What you are asked to do: Only the lines from the start of the entries through the line with "Besides the piezoelectric" should be returned, each exactly as it stands, and no pictures.

Input records:
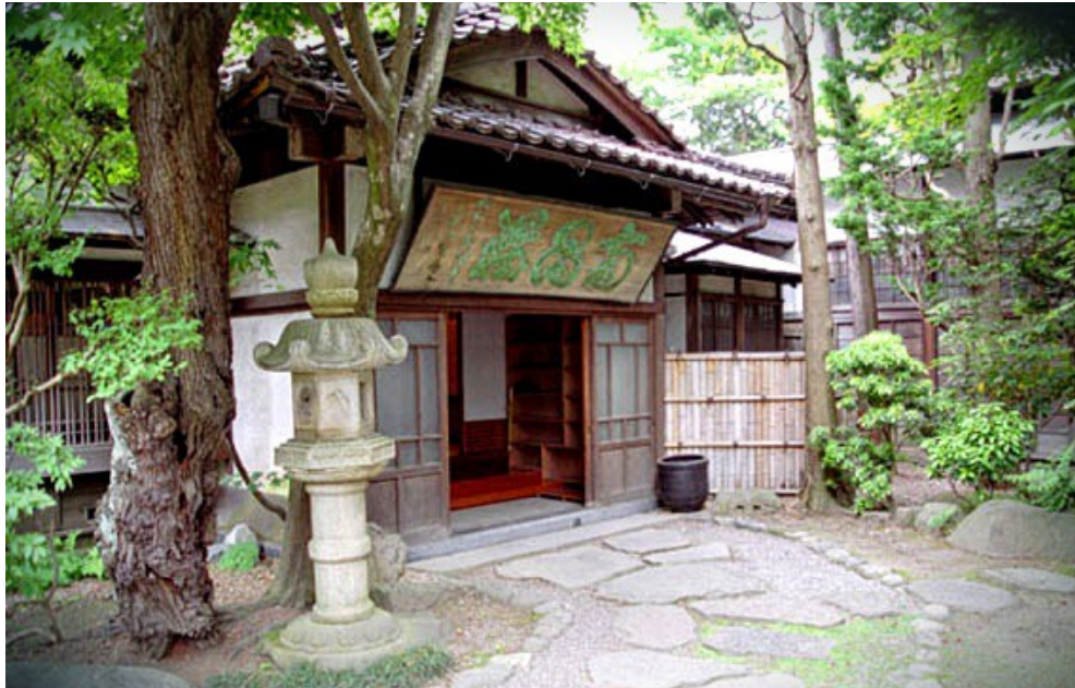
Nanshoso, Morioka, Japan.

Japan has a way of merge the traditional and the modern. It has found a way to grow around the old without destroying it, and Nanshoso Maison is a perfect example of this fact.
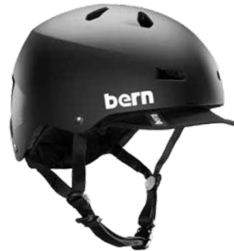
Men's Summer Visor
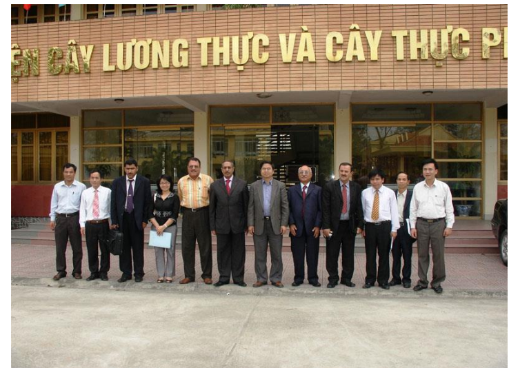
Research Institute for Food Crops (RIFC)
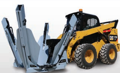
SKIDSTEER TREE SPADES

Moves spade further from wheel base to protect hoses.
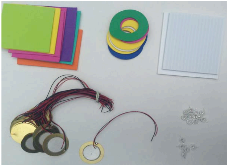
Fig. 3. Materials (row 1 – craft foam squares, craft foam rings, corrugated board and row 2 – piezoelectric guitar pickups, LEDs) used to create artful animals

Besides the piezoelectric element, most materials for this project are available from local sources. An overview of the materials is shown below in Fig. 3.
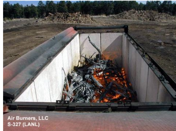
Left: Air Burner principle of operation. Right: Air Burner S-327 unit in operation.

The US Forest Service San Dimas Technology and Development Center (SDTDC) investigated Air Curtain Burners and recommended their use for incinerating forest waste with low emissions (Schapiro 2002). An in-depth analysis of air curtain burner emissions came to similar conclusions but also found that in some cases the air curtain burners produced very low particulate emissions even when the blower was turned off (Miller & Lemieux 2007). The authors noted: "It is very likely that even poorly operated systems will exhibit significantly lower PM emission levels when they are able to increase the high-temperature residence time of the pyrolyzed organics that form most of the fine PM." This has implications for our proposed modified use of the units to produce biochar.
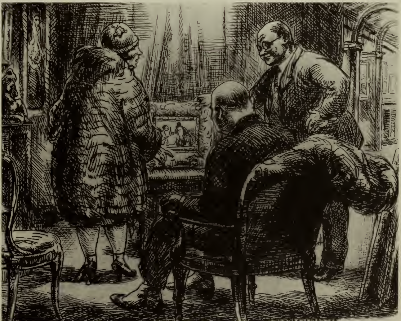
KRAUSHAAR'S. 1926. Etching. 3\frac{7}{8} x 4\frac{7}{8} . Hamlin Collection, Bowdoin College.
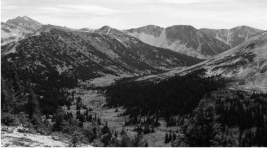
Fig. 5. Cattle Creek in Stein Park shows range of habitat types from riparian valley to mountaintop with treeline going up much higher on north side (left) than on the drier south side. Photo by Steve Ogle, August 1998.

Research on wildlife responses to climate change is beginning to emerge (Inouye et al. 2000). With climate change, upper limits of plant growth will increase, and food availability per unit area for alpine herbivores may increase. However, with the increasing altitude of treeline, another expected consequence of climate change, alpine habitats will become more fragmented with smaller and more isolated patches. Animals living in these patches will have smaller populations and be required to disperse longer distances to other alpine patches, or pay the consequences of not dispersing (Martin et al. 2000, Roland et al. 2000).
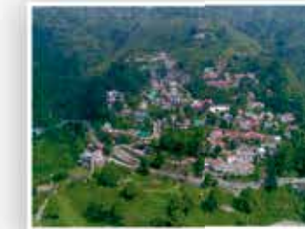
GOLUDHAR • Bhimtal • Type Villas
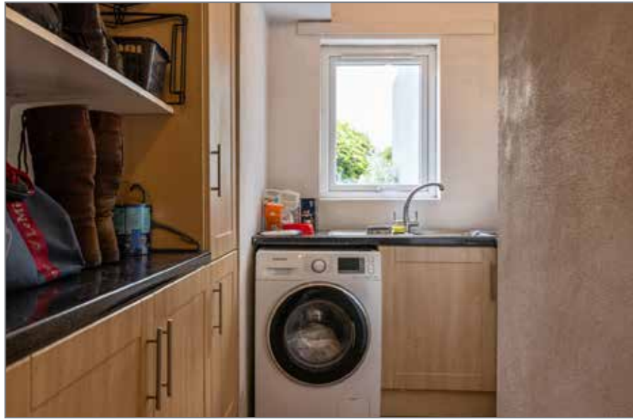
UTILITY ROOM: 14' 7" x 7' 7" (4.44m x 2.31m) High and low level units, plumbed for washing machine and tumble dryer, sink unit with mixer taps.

Final answer:
Nanshoso, Morioka, Japan.

Japan has a way of merge the traditional and the modern. It has found a way to grow around the old without destroying it, and Nanshoso Maison is a perfect example of this fact.
Men's Summer Visor
Research Institute for Food Crops (RIFC)
SKIDSTEER TREE SPADES

Moves spade further from wheel base to protect hoses.
Fig. 3. Materials (row 1 – craft foam squares, craft foam rings, corrugated board and row 2 – piezoelectric guitar pickups, LEDs) used to create artful animals

Besides the piezoelectric element, most materials for this project are available from local sources. An overview of the materials is shown below in Fig. 3.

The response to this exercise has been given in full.